Notation / Terminology

  • $C^\wedge $ denotes the category of presheaves on C, i.e functors $C^{op}$ to Set.

  • A category is idempotent complete if every morphism $q:X \rightarrow X$ satisfying $$q^2= q $$ factors as $q=g \circ f$ with $f:X \rightarrow Y$ an epimorphism and $g:Y \rightarrow X$ a monomorphism.

  • A functor $F:C \rightarrow C'$ is left-exact if the following category is co-filtered: The category $C^U$, with objects morphisms $f:U \rightarrow F(X)$ for $X \in C$, $f \in Hom_C(U,F(X)$ and morphisms between $f:U \rightarrow F(X)$ and $g:U \rightarrow F(Y)$ consists of $h \in Hom_C(X,Y)$ such that $g = F(h) \circ f$.

Problem

Assume that C is idempotent complete. Prove that the Yoneda Functor $h_c:C \rightarrow C^\wedge$ is left-exact if andonly if C admits finite projective limits.
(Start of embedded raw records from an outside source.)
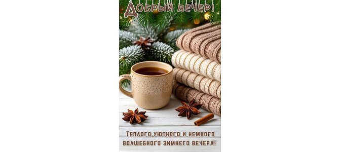 Открытка "ДОБРЫЙ ВЕЧЕР! ТЕПЛОГО, УЮТНОГО И НЕМНОГО ВОЛШЕБНОГО ЗИМНЕГО ВЕЧЕРА!"
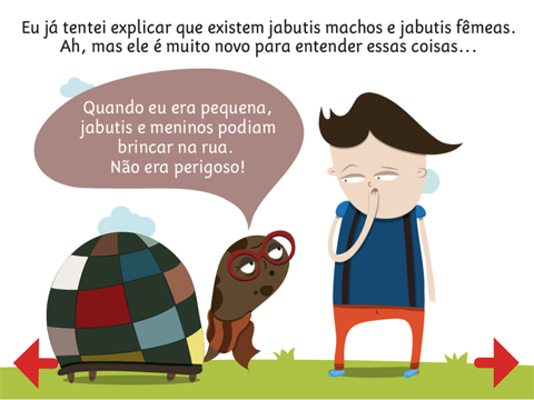Adivinhe quem é que mais usa em casa o iPad aqui em casa? O Fe, de 2 anos. Se a gente bobeia, ele vai lá, pega quietinho e já entra (onde?onde?) no Angry Birds e fica numa concentração absurda. “Mamãe, fiz recorde”, ele fala. E justo agora que o pequeno está nessa fase toda tecnológica (coincidências da vida???), chegou em minhas mãos (ou melhor, no meu e-mail) um novíssimo livro infantil digital: Karen, a Velha Tartaruga do Pedro. Amei, baixei no iPad e as crianças amaram também (porque quiseram assistir uma, duas, três vezes seguidas). A história inédita, criada por Filomena, psudônimo da jornalista, escritora e também editora de livros Isabel Malzoni, é uma das primeiras produções nacionais feita exclusivamente para tablet (também pode ser baixada no Android). Fala da amizade de uma tartaruga ranzinza e um menino. A narração é feita pela voz rouquinha da tartaruga e as crianças podem ouvir a risada do Pedro e até fazer uma árvore crescer quando tocam na tela. Custa 1,99 dólares.
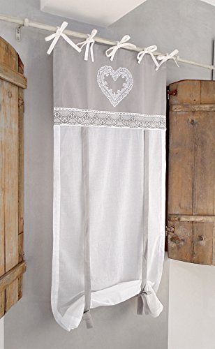 Tenda Finestra Stile Shabby Chic, Tenda a Pacchetto per Finestra Stile Provenzale (Bianco / Grigio / Con Cuore, 60X240)

OK, my strategy is to prove that C has a terminal object, finite products, and kernels. I have managed to prove that it has a terminal object, by considering the terminal functor of $C^op \rightarrow Set$. However, I haven't been able to show that it admits product, or kernels. Anyone got any ideas on how this can be done? Any hint, solutions, whatever are welcome. Thanks!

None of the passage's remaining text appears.